Issue 04  
  Preamble
  Rockwood News
  Market Trends
  Realm Tracking
  Operation & Sales
  Case Analysis
 
 
   
   
 
Base Oil Price Peaks, Freight Flies

On account of the impossibility for OPEC to increase production in a short-term plus the coming of the fastigium of Oil consumption in Summer, base oil futures increases sharply and gain upon to USD130. Till May.21st, the base oil futures immediate contract of NY Business Bourse rises to USD129.58/pail at tiptop.

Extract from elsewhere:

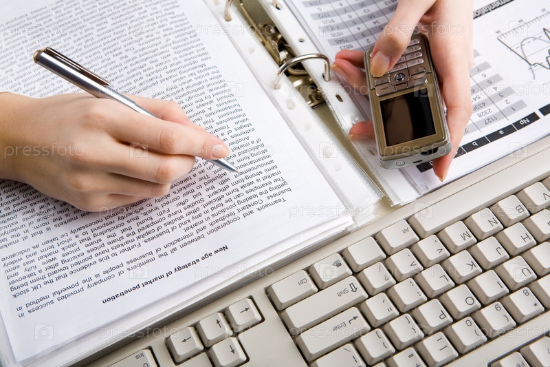 Фото рук, держащих телефон и перо над документами
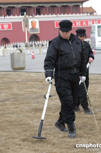 全國政協十屆三次會議三月三日下午三點在北京人民大會堂隆重開幕,會議開始前,警員對天安門廣場進行安全檢查。作者:毛建軍

Base oil price climbs to the peak, the ship freight is towering as well. International freight just like to take the scenic railway, falls off from the perch at the beginning of this year and now comes back to perch, moreover the historical highest one.
The base oil price continues to create new higher ones, the globally huge demand of staple cargoes like foodstuff, coal etc makes the international freight deploy the strong rising trend since this Feburary. The BDI index (Baltic Sea dry bulk cargo index) which reflects the international sea freight of various main raw materials comes to 11459 points in the third week of May, creates the historical new highest, which continues climbing to 11793 pionts in the fourth week.
According to the data report, BDI touches the annual lowest 5615 points this Jan.29th, and the rise range reaches 108% in the following 3 months .
The market expert indicates that the price rise of base oil is the one of the main factors to drive the increase of international sea freight carriage.
Since this Feburary, international oil price increases from USD85/pail to USD130/pail round, Singapore 180CST high class sulfur oil price even increases from USD440/ton to current USD607/ton. The rise of oil price makes sea freight cost augment therefore drive the increase of sea freight carriage.
Furthermore, due to the huge demand of large amount products including coal, foodstuff and iron ore, enhance the global demand for sea freight and also be the importatnt reason that international sea freight carriage climbs to higher one in a big range.
The rapidly rise of international sea freight carriage supports large amount commodities maintain its higher price and boost the price increase for part of commodities just like adding fuel to the fire.
Some expert indicates, give an example like soybean, if China enterprise imports soybean from U.S.A yesterday, the FOB cost to HongKong is around USD 5400/ton, among which sea freight carriage is about USD 1400/ton, so the carriage occupies 1/4 of the total cost. "These days, domestic soybean futures price trend is stronger than U.S.A soybean futures price, the incease of sea freight carriage is the main factor which results in the different trend appear" this expert says.